How to be a Charlatan: Sample

How to be a Charlatan: Sample Order online through (Amazon.co.uk) or (Amazon.com)

HOW TO BE A CHARLATAN AND MAKE MILLIONS

A ten step programme to change your life

By

Dr. Jim Williams F.I.A.C.

 

LET’S GET STARTED

DO YOU SERIOUSLY WANT TO BE A CHARLATAN?

Adopting the Charlatan identity.

  Containing the following valuable lessons:

1.    Do you sincerely want to be rich?

2.    What is a charlatan? What is he selling?

3.    Insights into the charlatan’s character

4.    The con artist and charlatan contrasted: a case study

5.    An overview of the charlatan’s world

6.    Seize control of life – become a charlatan!

 

Do you sincerely want to be rich?

I had a notion it was the title of a book by Dale Carnegie but couldn’t be sure; so I punched the words into Google and waited to see what came out.
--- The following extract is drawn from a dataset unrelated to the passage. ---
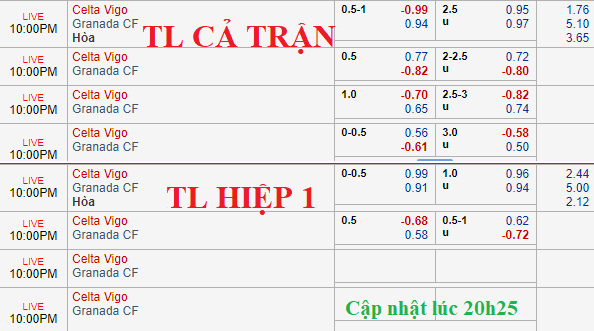 Nếu so với phiên khớp lệnh lúc 9h sáng nay thì tỷ lệ chính đã có dịch chuyển đáng kể khi kèo chấp hòa của Celta Vigo được gia tăng lên thành 3/4 và chênh lệch về điểm ăn cho 2 cửa cũng không quá lớn. Điều đáng nói là handicap dịch chuyển trong bối cảnh mốc tài xỉu 2 1/2 vẫn được giữ nguyên, thậm chí lợi nhuận không thay đổi quá nhiều.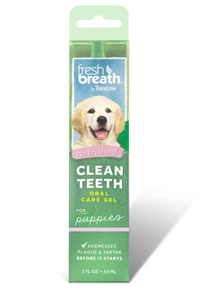 TropiClean Fresh Breath Oral Care Clean Tee Gel для цуценят підтримує здоров’я ротової порожнини вашого цуценя та дарує йому свіже дихання – чистити зуби щіткою не потрібно! Цей смачний гель зі смаком м’яти допомагає захистити від утворення зубного нальоту, водночас освіжаючи дихання цуценяти.

Top of the list was a page for The Little Black and White Book. A guy called Marc Stewart promised to make me rich using something called”The Cornucopia Technique”. It came with a bunch of small ads promoting more of the same thing, which made it odd that anyone should need a book because apparently making money is so easy, I’ll shortly have so much I’ll be giving it back out of embarrassment. So that isn’t your experience? Making money isn’t so easy? Well according to the website it must be because”The Little Black and White Book shows that everybody has the ability whether your IQ is 55 or 155.” Which certainly impressed me. The owner of an IQ of 55 would be functionally illiterate, and I guess would have to make his pile without the benefit of reading even Mr. Stewart’s book; so how much easier can it get? Is Mr. Stewart a charlatan? I wouldn’t care to say. Actually my lawyers wouldn’t care to say. We don’t know how touchy he is. I decided against buying his book and I pass no opinion on its merits. I decided to start on the road to riches by keeping my money in my pocket. 1

What is a charlatan? What is he selling?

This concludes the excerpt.